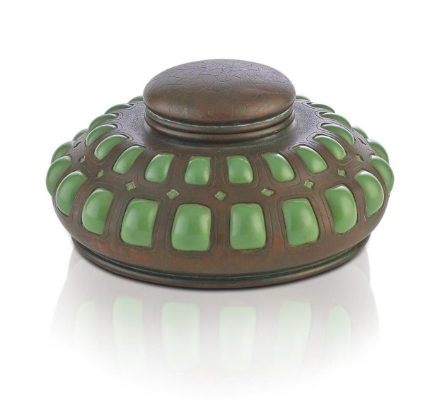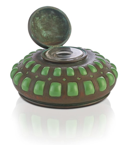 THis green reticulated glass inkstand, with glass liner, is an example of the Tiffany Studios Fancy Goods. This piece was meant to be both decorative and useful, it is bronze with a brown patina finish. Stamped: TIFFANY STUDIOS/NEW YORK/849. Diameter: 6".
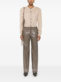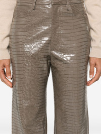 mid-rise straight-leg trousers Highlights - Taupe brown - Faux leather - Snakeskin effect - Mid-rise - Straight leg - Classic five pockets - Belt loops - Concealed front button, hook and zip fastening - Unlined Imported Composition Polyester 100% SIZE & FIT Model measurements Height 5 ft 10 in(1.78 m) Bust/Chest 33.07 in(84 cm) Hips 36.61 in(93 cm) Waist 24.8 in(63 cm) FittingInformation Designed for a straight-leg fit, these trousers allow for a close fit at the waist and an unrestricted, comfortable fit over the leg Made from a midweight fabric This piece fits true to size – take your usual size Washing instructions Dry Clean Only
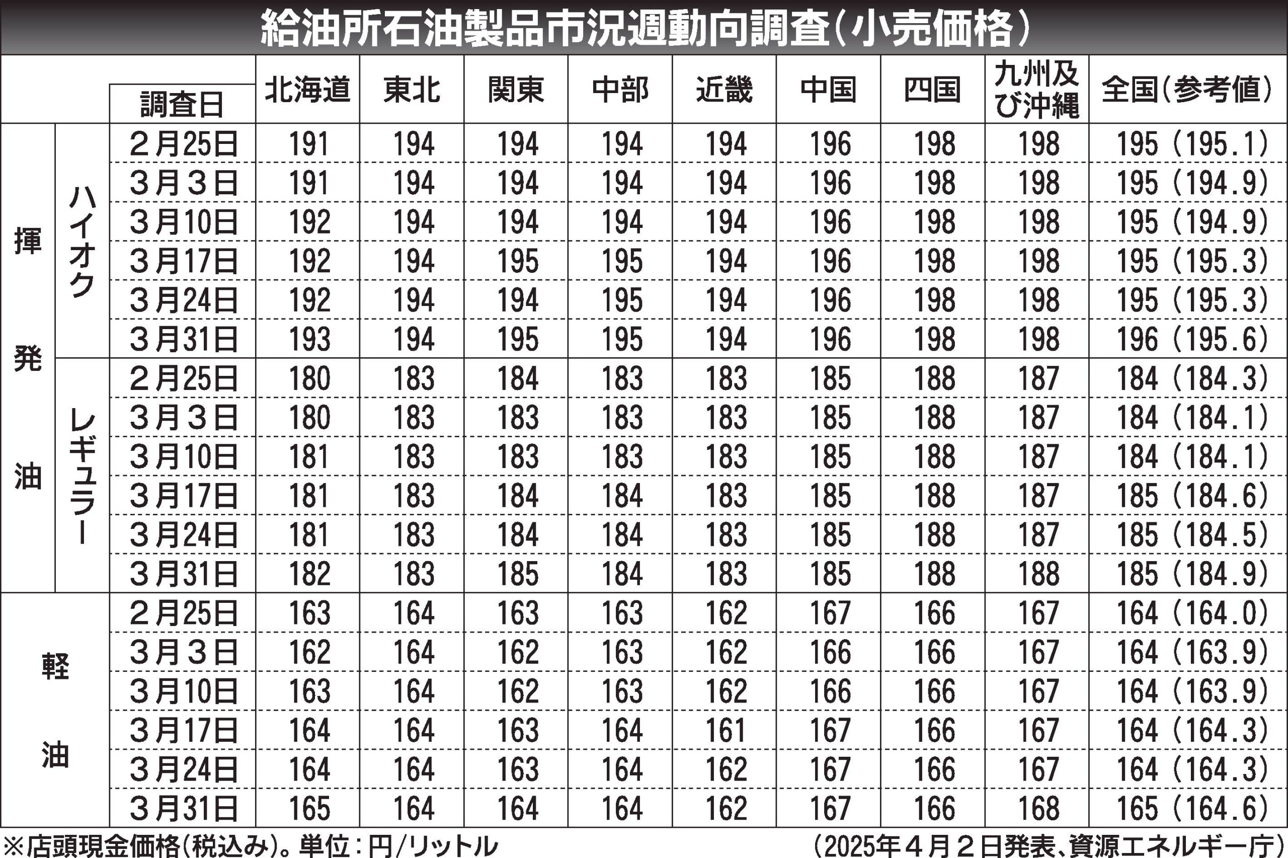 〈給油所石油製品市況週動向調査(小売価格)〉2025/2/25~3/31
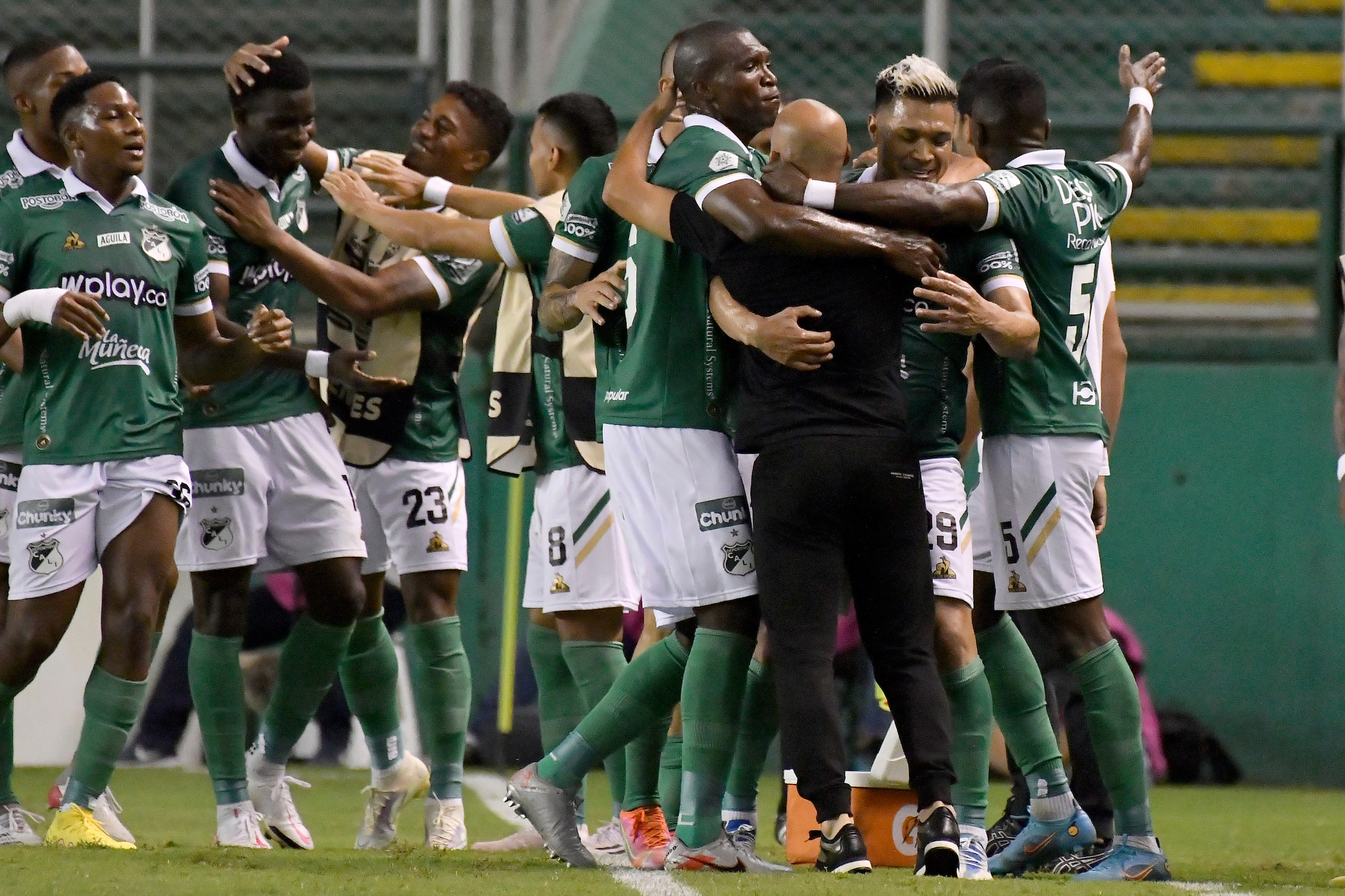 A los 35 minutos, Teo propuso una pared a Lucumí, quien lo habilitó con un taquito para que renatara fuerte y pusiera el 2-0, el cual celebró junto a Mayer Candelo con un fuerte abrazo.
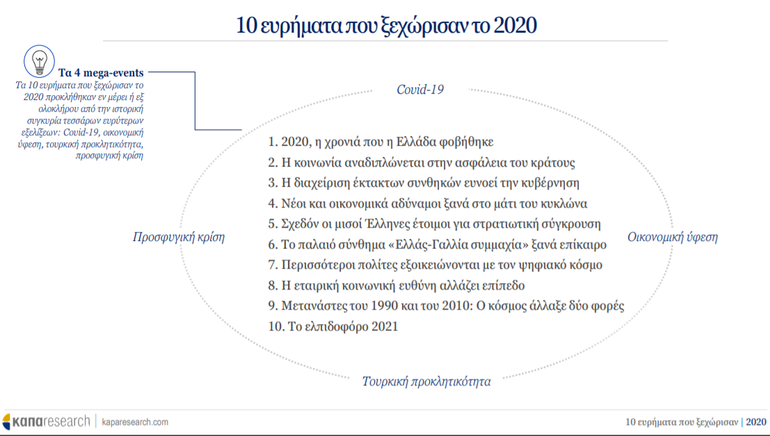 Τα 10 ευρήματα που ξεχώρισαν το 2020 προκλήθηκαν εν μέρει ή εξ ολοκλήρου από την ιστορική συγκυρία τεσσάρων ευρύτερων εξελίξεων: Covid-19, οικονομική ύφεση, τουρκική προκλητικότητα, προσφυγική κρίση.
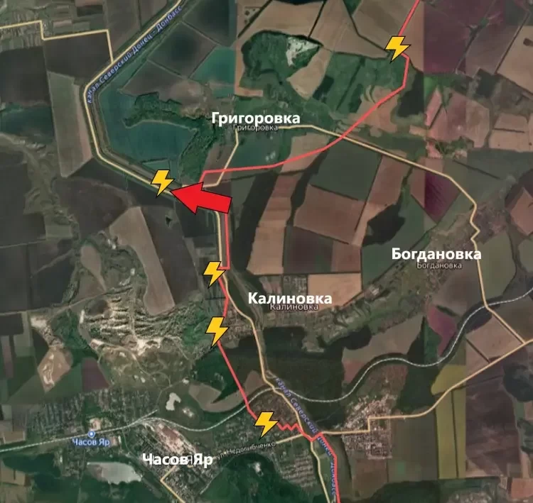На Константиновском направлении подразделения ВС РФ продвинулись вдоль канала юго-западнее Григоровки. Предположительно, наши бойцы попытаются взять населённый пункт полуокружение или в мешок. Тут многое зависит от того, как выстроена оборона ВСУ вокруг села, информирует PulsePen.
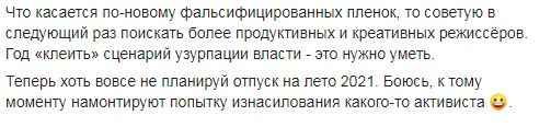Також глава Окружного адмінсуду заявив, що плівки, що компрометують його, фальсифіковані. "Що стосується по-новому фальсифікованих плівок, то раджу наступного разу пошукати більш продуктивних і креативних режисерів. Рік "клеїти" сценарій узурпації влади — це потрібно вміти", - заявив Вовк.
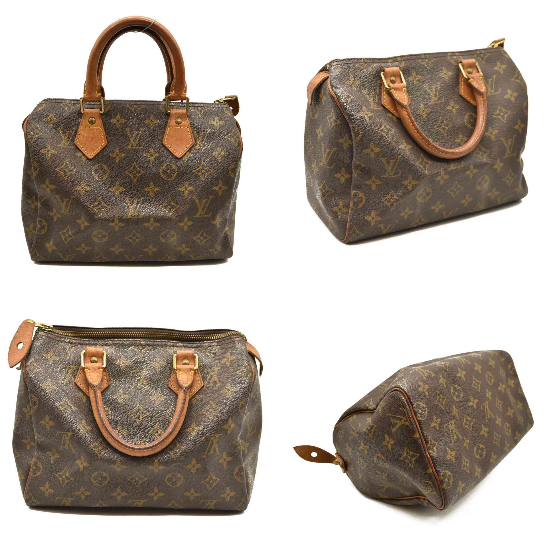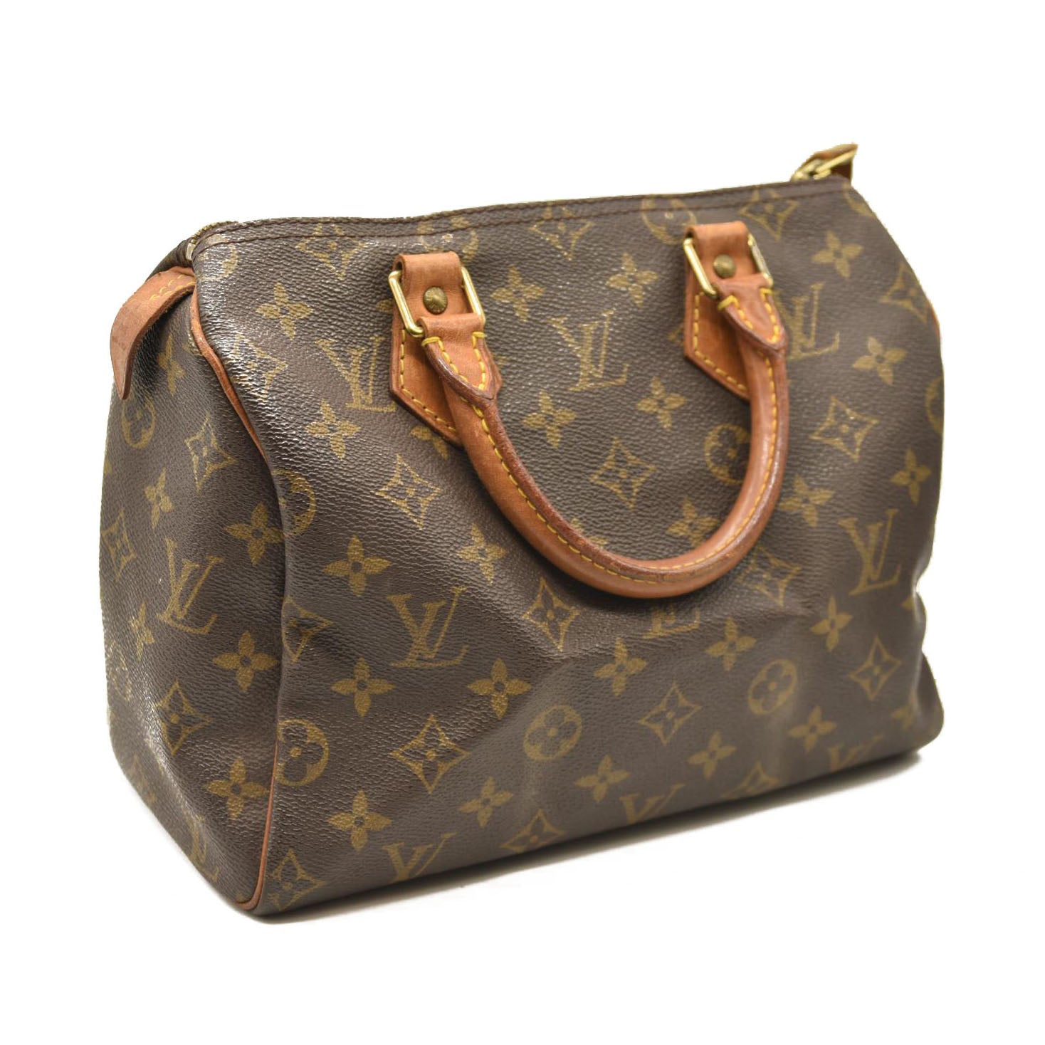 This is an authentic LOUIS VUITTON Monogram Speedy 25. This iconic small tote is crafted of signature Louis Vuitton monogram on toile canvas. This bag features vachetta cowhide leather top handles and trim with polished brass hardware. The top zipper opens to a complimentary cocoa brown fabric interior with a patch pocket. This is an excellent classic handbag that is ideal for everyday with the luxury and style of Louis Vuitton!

> _Exercise prompt_
With the pictures left out, return the listing above exactly as it stands.

> _Task output_
 THis green reticulated glass inkstand, with glass liner, is an example of the Tiffany Studios Fancy Goods. This piece was meant to be both decorative and useful, it is bronze with a brown patina finish. Stamped: TIFFANY STUDIOS/NEW YORK/849. Diameter: 6".
 mid-rise straight-leg trousers Highlights - Taupe brown - Faux leather - Snakeskin effect - Mid-rise - Straight leg - Classic five pockets - Belt loops - Concealed front button, hook and zip fastening - Unlined Imported Composition Polyester 100% SIZE & FIT Model measurements Height 5 ft 10 in(1.78 m) Bust/Chest 33.07 in(84 cm) Hips 36.61 in(93 cm) Waist 24.8 in(63 cm) FittingInformation Designed for a straight-leg fit, these trousers allow for a close fit at the waist and an unrestricted, comfortable fit over the leg Made from a midweight fabric This piece fits true to size – take your usual size Washing instructions Dry Clean Only
 〈給油所石油製品市況週動向調査(小売価格)〉2025/2/25~3/31
 A los 35 minutos, Teo propuso una pared a Lucumí, quien lo habilitó con un taquito para que renatara fuerte y pusiera el 2-0, el cual celebró junto a Mayer Candelo con un fuerte abrazo.
 Τα 10 ευρήματα που ξεχώρισαν το 2020 προκλήθηκαν εν μέρει ή εξ ολοκλήρου από την ιστορική συγκυρία τεσσάρων ευρύτερων εξελίξεων: Covid-19, οικονομική ύφεση, τουρκική προκλητικότητα, προσφυγική κρίση.
На Константиновском направлении подразделения ВС РФ продвинулись вдоль канала юго-западнее Григоровки. Предположительно, наши бойцы попытаются взять населённый пункт полуокружение или в мешок. Тут многое зависит от того, как выстроена оборона ВСУ вокруг села, информирует PulsePen.
Також глава Окружного адмінсуду заявив, що плівки, що компрометують його, фальсифіковані. "Що стосується по-новому фальсифікованих плівок, то раджу наступного разу пошукати більш продуктивних і креативних режисерів. Рік "клеїти" сценарій узурпації влади — це потрібно вміти", - заявив Вовк.
 This is an authentic LOUIS VUITTON Monogram Speedy 25. This iconic small tote is crafted of signature Louis Vuitton monogram on toile canvas. This bag features vachetta cowhide leather top handles and trim with polished brass hardware. The top zipper opens to a complimentary cocoa brown fabric interior with a patch pocket. This is an excellent classic handbag that is ideal for everyday with the luxury and style of Louis Vuitton!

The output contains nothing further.